Input material:
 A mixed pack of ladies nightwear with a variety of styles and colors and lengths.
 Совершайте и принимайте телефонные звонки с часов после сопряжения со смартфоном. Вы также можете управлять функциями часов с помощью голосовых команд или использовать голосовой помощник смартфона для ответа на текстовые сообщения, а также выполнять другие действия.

---

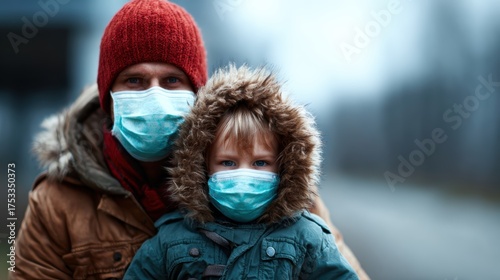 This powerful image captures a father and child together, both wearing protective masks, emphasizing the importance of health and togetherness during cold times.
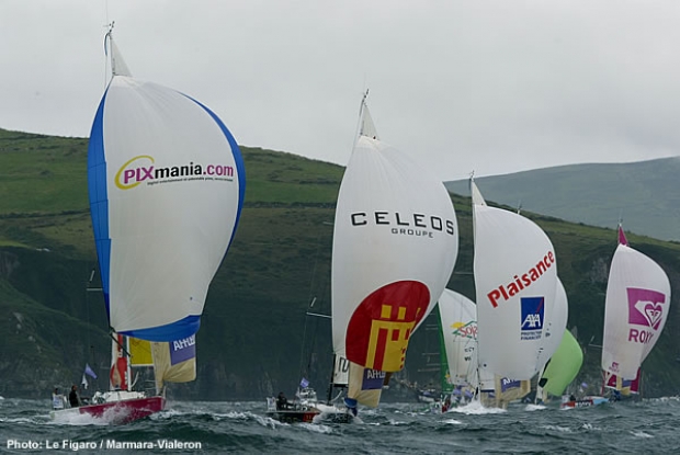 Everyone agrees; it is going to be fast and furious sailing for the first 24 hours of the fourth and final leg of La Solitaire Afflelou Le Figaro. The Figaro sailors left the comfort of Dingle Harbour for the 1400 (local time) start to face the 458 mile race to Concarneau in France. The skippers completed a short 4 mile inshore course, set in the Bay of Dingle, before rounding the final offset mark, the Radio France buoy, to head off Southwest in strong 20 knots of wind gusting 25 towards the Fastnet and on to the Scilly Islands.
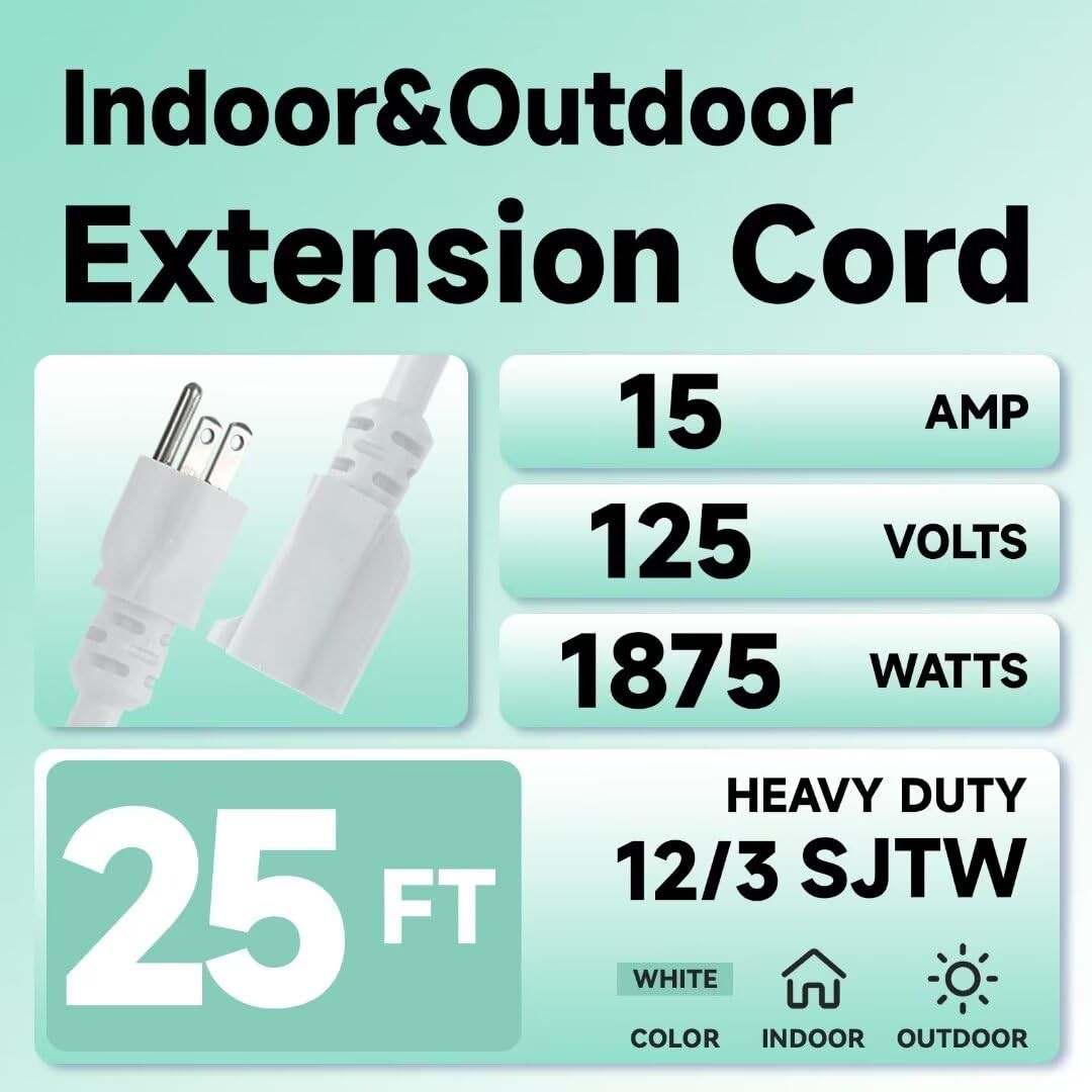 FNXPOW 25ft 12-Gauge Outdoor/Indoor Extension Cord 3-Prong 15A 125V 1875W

* * *

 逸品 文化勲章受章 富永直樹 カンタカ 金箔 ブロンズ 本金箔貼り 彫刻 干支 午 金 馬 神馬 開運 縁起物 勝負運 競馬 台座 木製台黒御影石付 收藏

Exercise prompt: Each line above from the one with "A mixed pack" up to and including the one with "Совершайте и принимайте" must be set down exactly, and no line outside that span may appear.

Problem solution:
 A mixed pack of ladies nightwear with a variety of styles and colors and lengths.
 Совершайте и принимайте телефонные звонки с часов после сопряжения со смартфоном. Вы также можете управлять функциями часов с помощью голосовых команд или использовать голосовой помощник смартфона для ответа на текстовые сообщения, а также выполнять другие действия.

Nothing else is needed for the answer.